#### TASK DETAILS:
Output, exactly as written, the lines below from the one that has "A bold and elegant" through the one that has "Великолепная смесь однолетних"; nothing else, and no pictures.

#### DATA SHOWN:
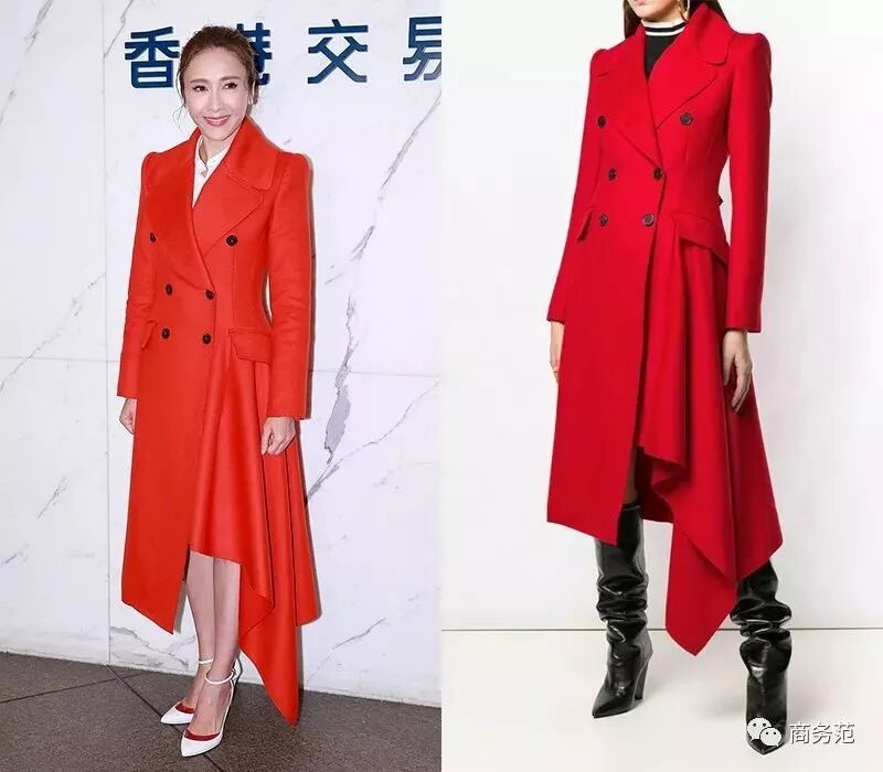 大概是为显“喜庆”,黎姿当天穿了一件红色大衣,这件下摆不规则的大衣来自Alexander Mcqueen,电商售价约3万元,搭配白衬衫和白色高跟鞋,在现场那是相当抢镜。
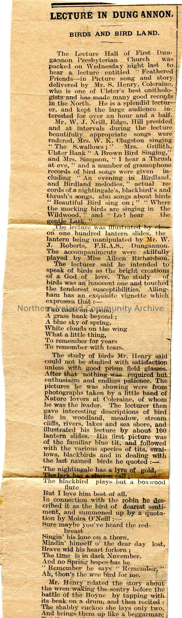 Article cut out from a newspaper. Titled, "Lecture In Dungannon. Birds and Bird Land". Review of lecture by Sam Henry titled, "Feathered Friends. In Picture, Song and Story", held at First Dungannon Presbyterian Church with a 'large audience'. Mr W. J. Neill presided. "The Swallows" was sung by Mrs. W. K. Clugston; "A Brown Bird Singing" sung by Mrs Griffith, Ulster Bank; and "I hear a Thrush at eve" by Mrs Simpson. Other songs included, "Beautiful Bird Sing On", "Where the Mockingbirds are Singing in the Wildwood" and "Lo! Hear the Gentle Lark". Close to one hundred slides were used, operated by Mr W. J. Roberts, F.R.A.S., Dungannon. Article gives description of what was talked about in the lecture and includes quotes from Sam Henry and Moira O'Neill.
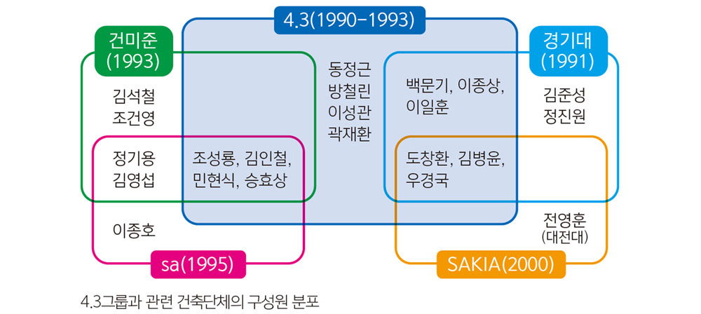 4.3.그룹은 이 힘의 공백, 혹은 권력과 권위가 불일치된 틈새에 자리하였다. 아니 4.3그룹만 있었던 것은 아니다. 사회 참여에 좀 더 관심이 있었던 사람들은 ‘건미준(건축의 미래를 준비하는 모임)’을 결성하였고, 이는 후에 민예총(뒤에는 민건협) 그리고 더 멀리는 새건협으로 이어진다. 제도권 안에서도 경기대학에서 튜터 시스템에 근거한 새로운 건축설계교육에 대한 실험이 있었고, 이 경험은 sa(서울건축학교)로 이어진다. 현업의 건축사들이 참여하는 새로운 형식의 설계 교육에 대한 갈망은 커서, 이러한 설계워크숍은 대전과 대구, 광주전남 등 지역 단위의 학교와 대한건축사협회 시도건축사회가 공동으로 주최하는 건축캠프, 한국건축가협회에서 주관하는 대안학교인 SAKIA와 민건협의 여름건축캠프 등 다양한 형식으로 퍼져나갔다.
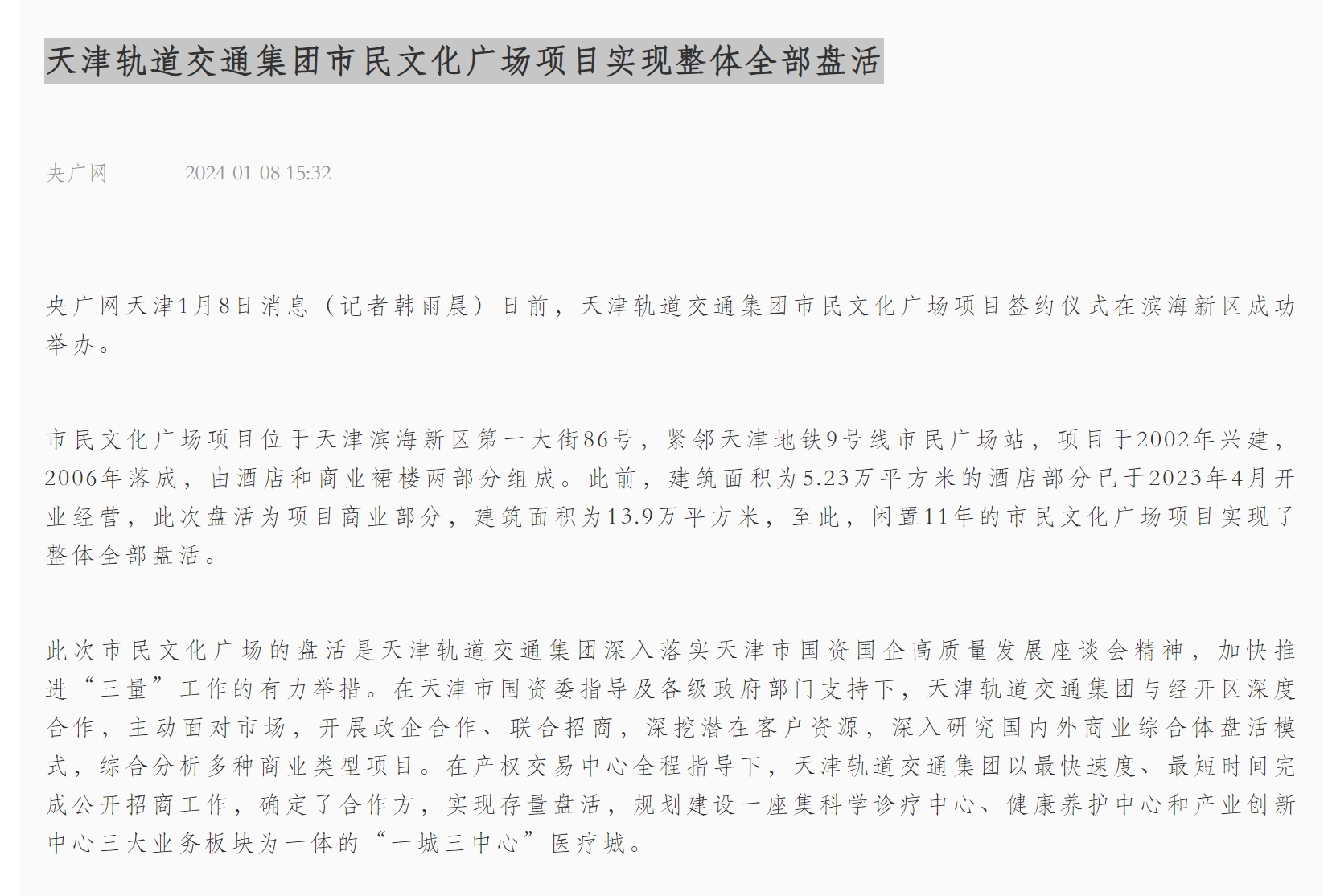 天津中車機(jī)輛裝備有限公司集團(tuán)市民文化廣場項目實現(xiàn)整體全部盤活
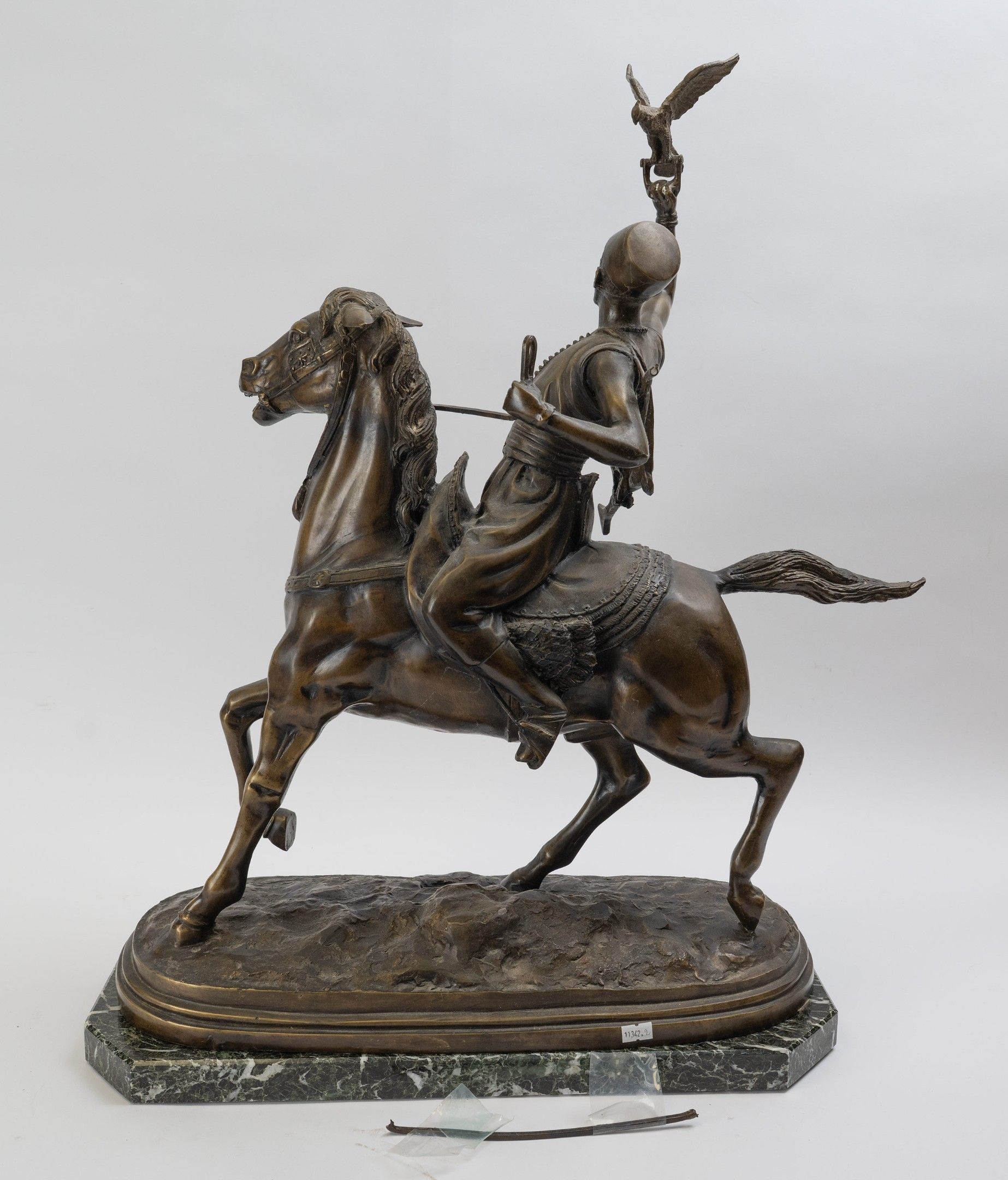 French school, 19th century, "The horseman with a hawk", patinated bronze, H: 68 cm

==

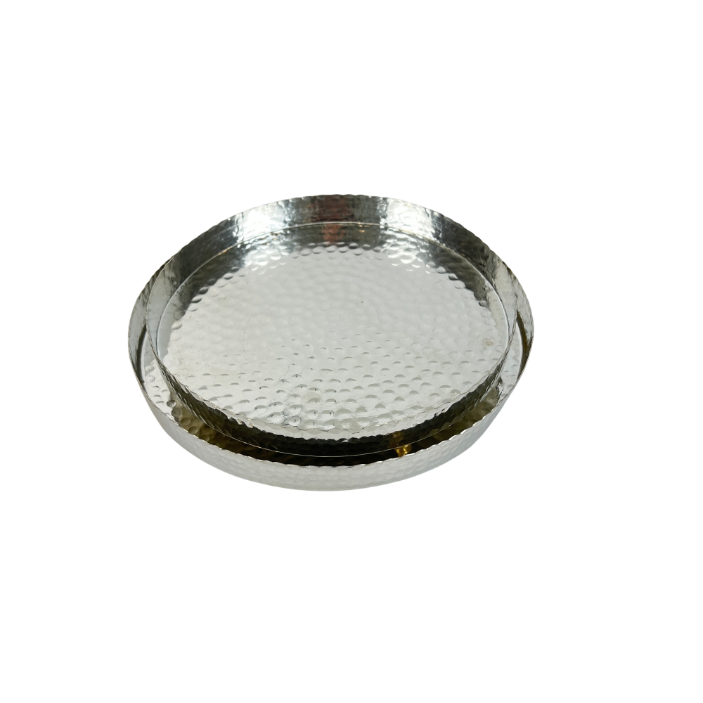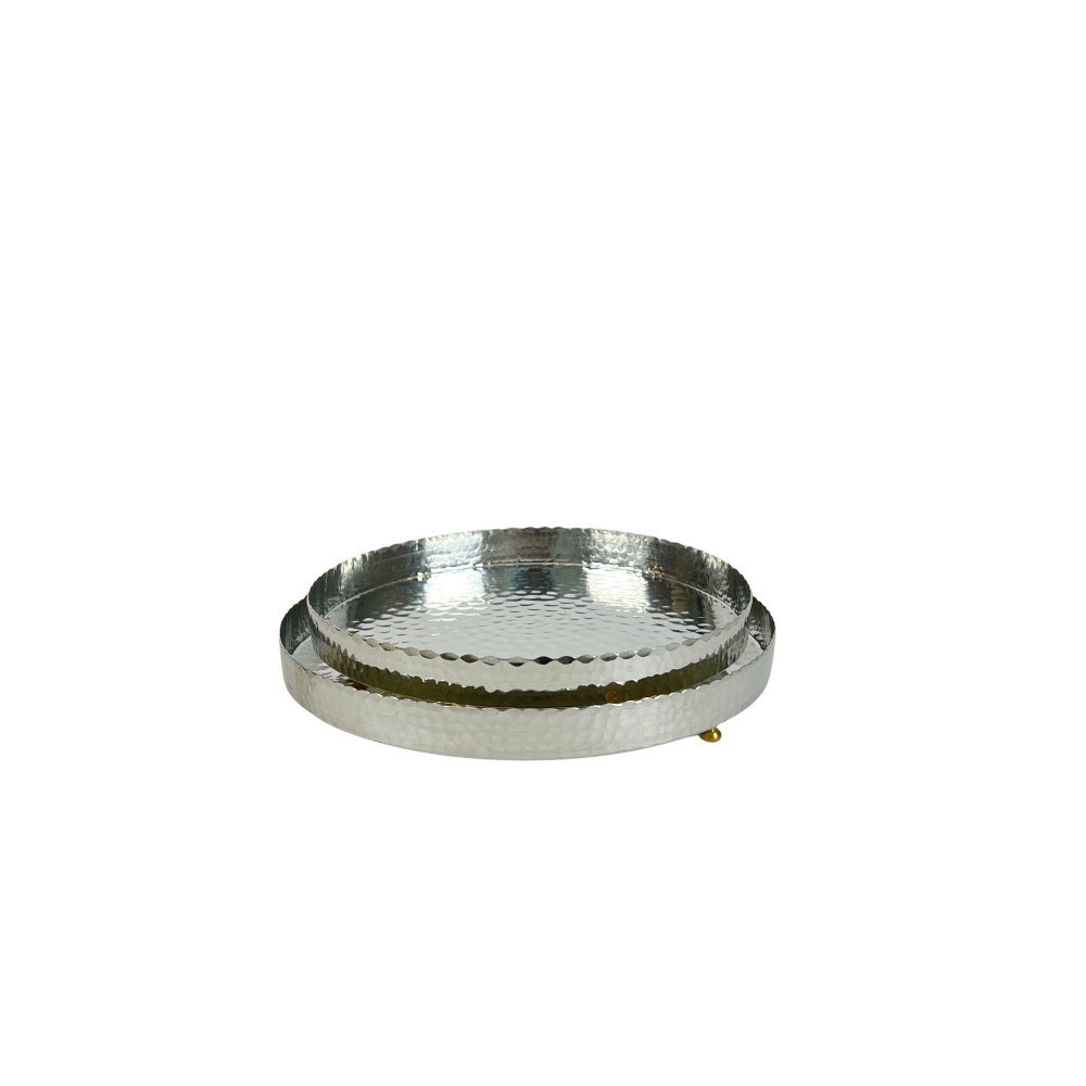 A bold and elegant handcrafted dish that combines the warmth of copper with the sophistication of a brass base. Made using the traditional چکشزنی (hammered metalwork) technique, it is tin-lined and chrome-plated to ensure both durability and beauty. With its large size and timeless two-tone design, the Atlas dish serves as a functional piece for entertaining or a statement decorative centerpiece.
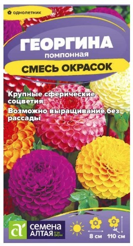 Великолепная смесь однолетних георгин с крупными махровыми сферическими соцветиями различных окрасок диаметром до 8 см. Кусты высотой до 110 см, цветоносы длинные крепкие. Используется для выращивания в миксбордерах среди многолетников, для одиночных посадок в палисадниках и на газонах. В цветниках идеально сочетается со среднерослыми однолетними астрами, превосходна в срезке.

#### TASK RESULT:
 A bold and elegant handcrafted dish that combines the warmth of copper with the sophistication of a brass base. Made using the traditional چکشزنی (hammered metalwork) technique, it is tin-lined and chrome-plated to ensure both durability and beauty. With its large size and timeless two-tone design, the Atlas dish serves as a functional piece for entertaining or a statement decorative centerpiece.
 Великолепная смесь однолетних георгин с крупными махровыми сферическими соцветиями различных окрасок диаметром до 8 см. Кусты высотой до 110 см, цветоносы длинные крепкие. Используется для выращивания в миксбордерах среди многолетников, для одиночных посадок в палисадниках и на газонах. В цветниках идеально сочетается со среднерослыми однолетними астрами, превосходна в срезке.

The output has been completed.